## How to complete this task:
Line for line, return the data exactly, omitting all pictures.

## Collected material:

▼▼▼

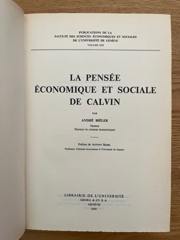 Thèse de André Biéler (1914-2006) théologien, éthicien et économiste suisse. Oeuvre majeure pour comprendre la pensée socio-économique de Calvin. - - VENTE PAR CORRESPONDANCE UNIQUEMENT
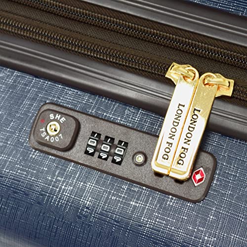 Brand: LONDON FOGColor: BlueFeatures: Durable lightweight PC Composition hardside construction Textured hardside case is scratch & dent resistant 8-recessed spinner wheels with Control Track Self Aligning Technology With the sound of a click, you'll know that the wheels are adjusting into a straight line to help ensure easy maneuvering throughout...
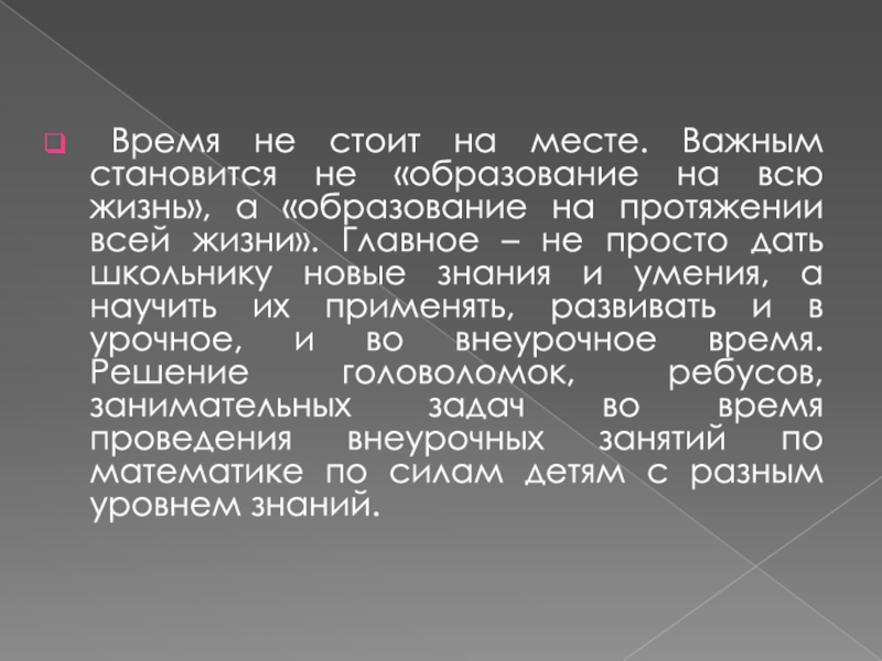 всю жизнь», а «образование на протяжении всей жизни». Главное – не просто дать школьнику новые знания и умения, а научить их применять, развивать и в урочное, и во внеурочное время. Решение головоломок, ребусов, занимательных задач во время проведения внеурочных занятий по математике по силам детям с разным уровнем знаний.
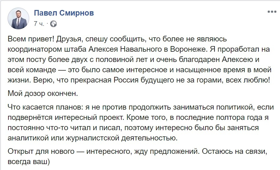 16 сентября стало известно, что координатор воронежского штаба Алексея Навального Павел Смирнов покинул свою должность. Об этом он рассказала на своей странице в Facebook, назвав прошедшие 2,5 года самым интересным и насыщенным временем в своей жизни. Также он заявил, что «прекрасная Россия будущего не за горами».

▲▲▲

## Answer area:
 Thèse de André Biéler (1914-2006) théologien, éthicien et économiste suisse. Oeuvre majeure pour comprendre la pensée socio-économique de Calvin. - - VENTE PAR CORRESPONDANCE UNIQUEMENT
 Brand: LONDON FOGColor: BlueFeatures: Durable lightweight PC Composition hardside construction Textured hardside case is scratch & dent resistant 8-recessed spinner wheels with Control Track Self Aligning Technology With the sound of a click, you'll know that the wheels are adjusting into a straight line to help ensure easy maneuvering throughout...
 всю жизнь», а «образование на протяжении всей жизни». Главное – не просто дать школьнику новые знания и умения, а научить их применять, развивать и в урочное, и во внеурочное время. Решение головоломок, ребусов, занимательных задач во время проведения внеурочных занятий по математике по силам детям с разным уровнем знаний.
 16 сентября стало известно, что координатор воронежского штаба Алексея Навального Павел Смирнов покинул свою должность. Об этом он рассказала на своей странице в Facebook, назвав прошедшие 2,5 года самым интересным и насыщенным временем в своей жизни. Также он заявил, что «прекрасная Россия будущего не за горами».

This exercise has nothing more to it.